Dear community members,
I want to conduct analysis on time series dataset in csv. The data covers South Korea's GDP and vehicle kilometers traveled (VKT) from 1993 through 2017. I'm also referring to 'Forecasting: Principles and Practice' book by Professor Rob J Hyndman.
Whenever i try to explore my time series dataset with a slew of variables, and choose auto plot, i get this error:
Error: Objects of type tbl_df/tbl/data.frame not supported by autoplot.
The structure of my data set is as follows:
Year Passenger VKT GDP per capita TotalVKT PVKTpct TVKTpct
1993 2507 8740 225867 -3 1
1994 2893 10204 251671 16 11
.............................................................................................. ................................................

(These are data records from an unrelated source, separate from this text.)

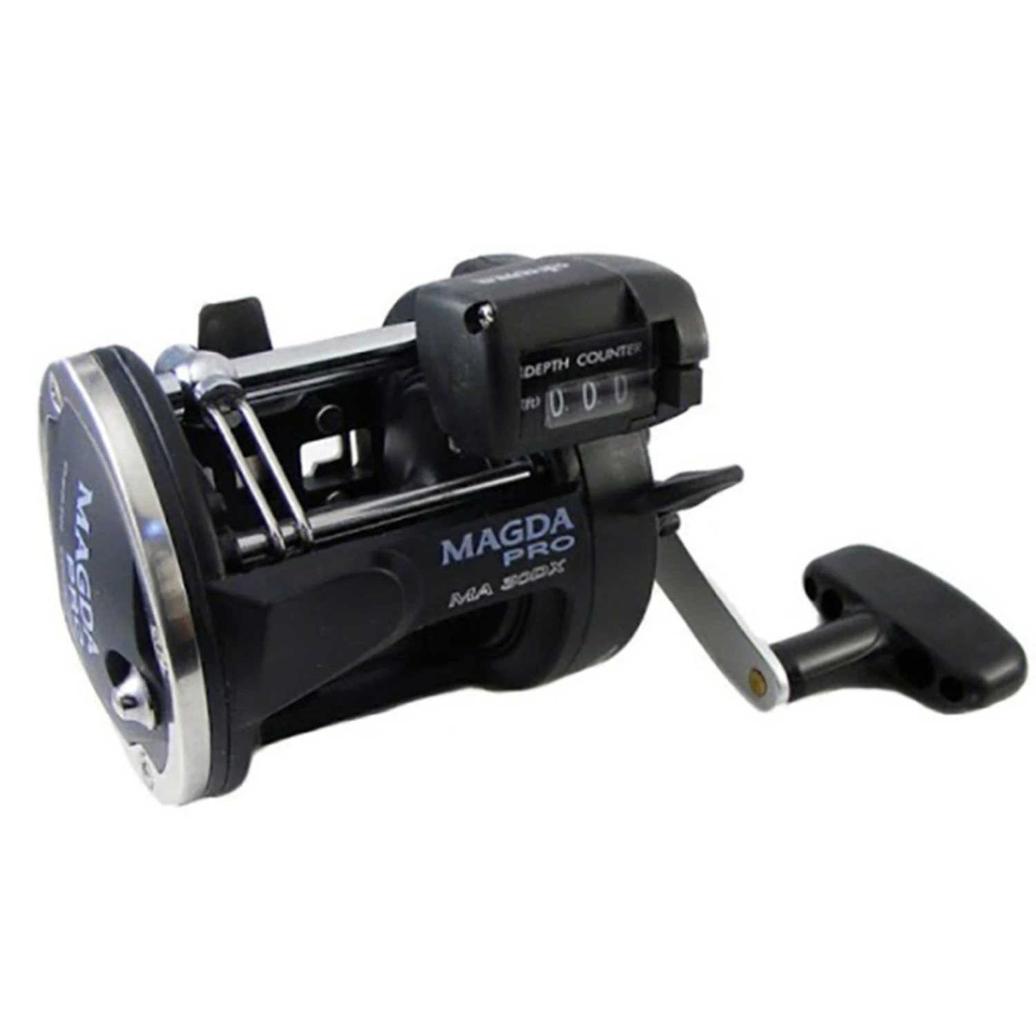 Lightweight corrosion resistant frame and side plates. Corrosion resistant graphite spools. Stainless steel reinforcing side plate rings. Mechanical line counter function measures in feet. Multi-disc Carbonite drag system. 2 Stainless steel ball bearing. Durable Machine cut brass gearing. Self lubricating gear system, all models. Stainless steel levelwind line guide system. DLX represents left hand crank models. Magda Pro reels are backed by a 1-year warranty.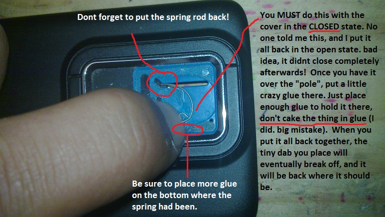 once you have just enough glue to hold the spring, put it all back together and let it dry for about 5 - 10 minutes. then give it a slide!
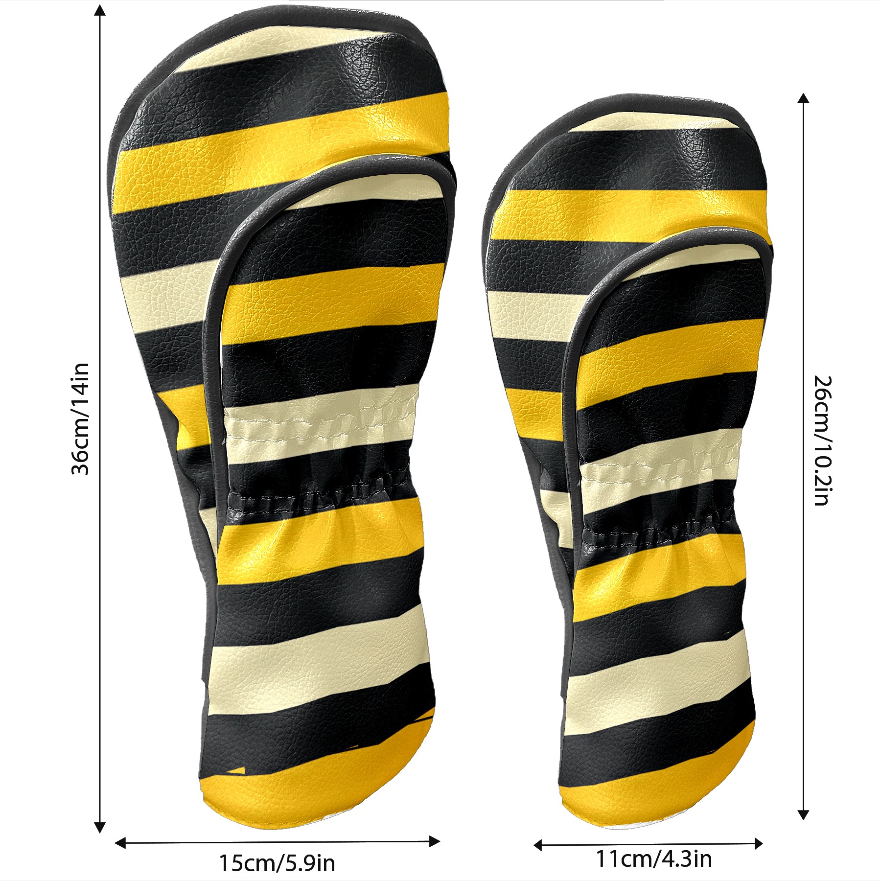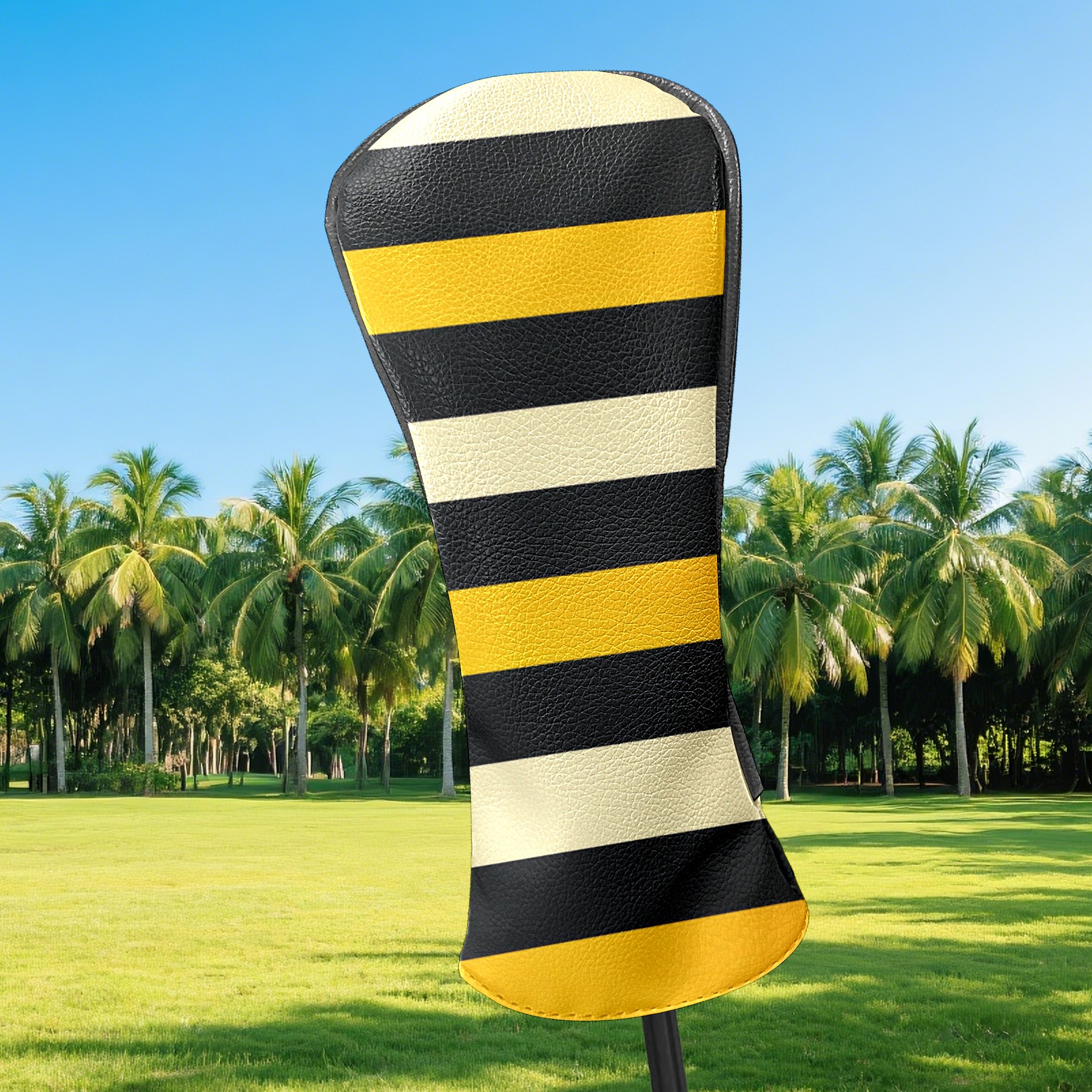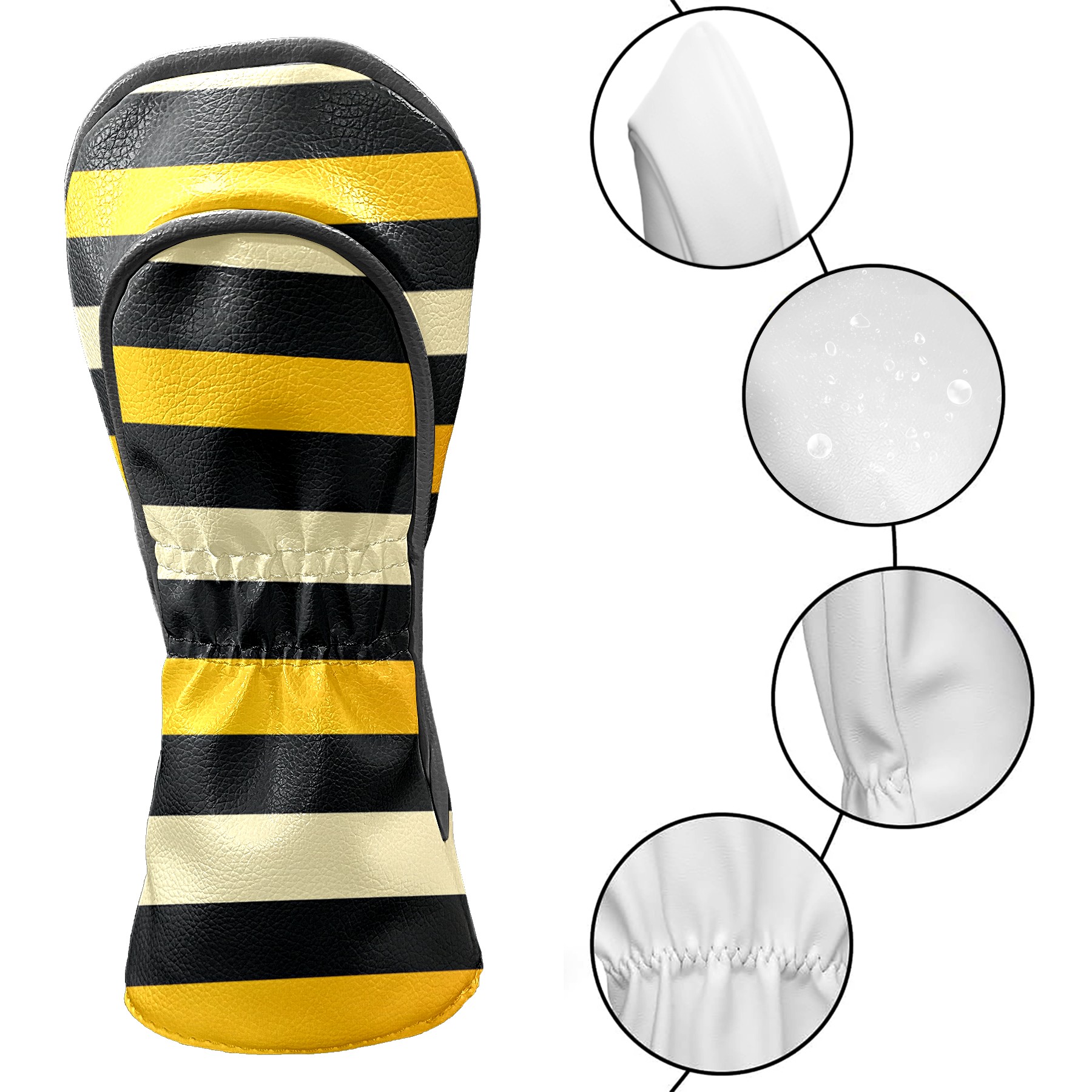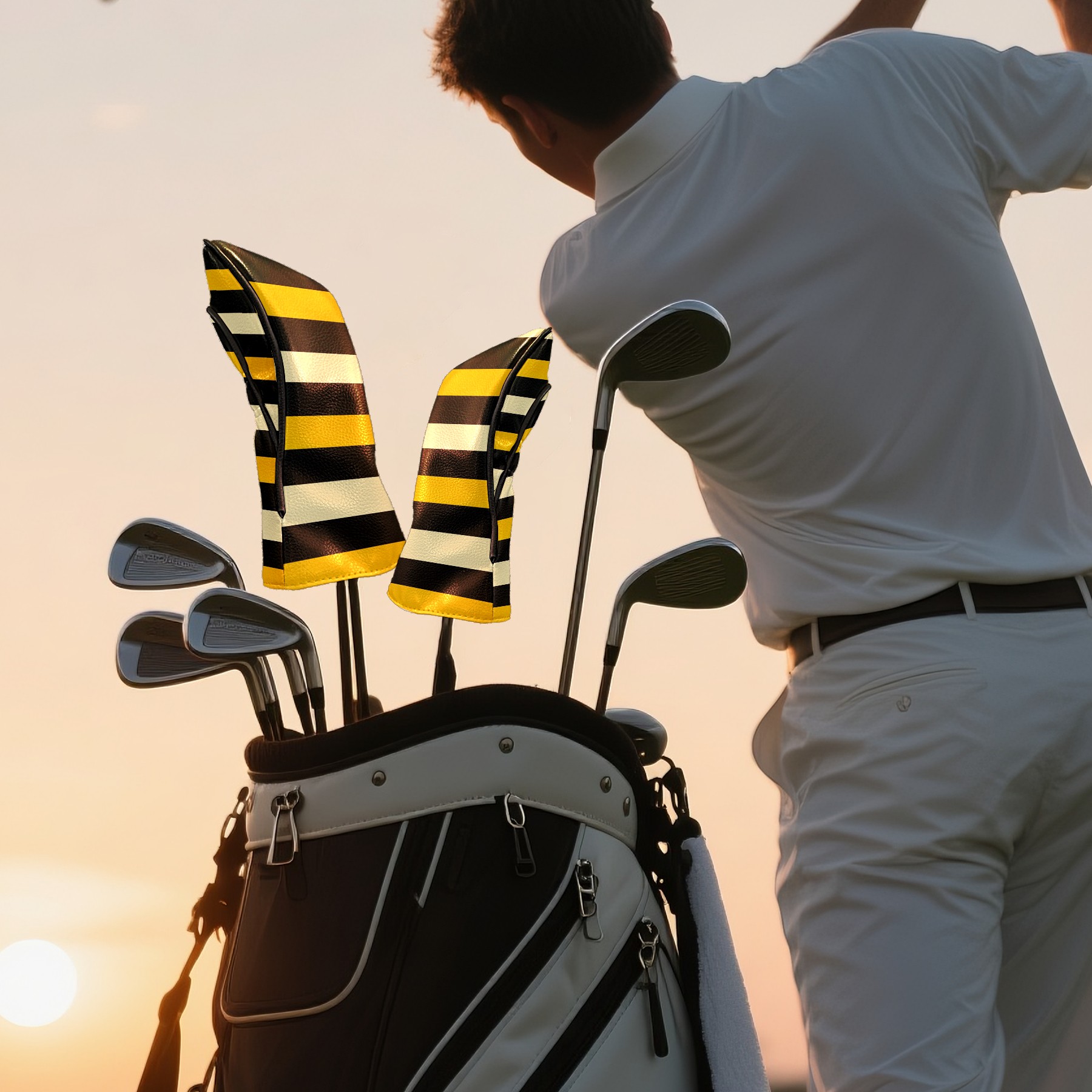 PU Leather Golf Head Covers Set – Fits Drivers/Fairway Woods/Hybrids, Ideal Gifts for Male & Female Golfers Yellow Black Striped Pattern

2017 6542 29744 474674 -2 -1
My code is also structured as follows:
Should i declare both key and index? But still it seems i can't identify my key if any.
library(fpp2)
library(tidyverse)
library(GGally)
library(tsibble)
library(dplyr)
#Attaching the dataset
koreatreg <- read_csv("timeseriesregression.csv")
#deletion of missing values
newkoreatreg <- na.omit(koreatreg)
#coerce a data frame to tssible by declaring the index
transkorreg <- as_tibble(newkoreatreg, index = Year)
#explore time series dataset
autoplot(transkorreg[,c('Passenger VKT','GDP per capita')]) +
ylab("% change") + xlab("Year")
I would greatly appreciate any timely reply!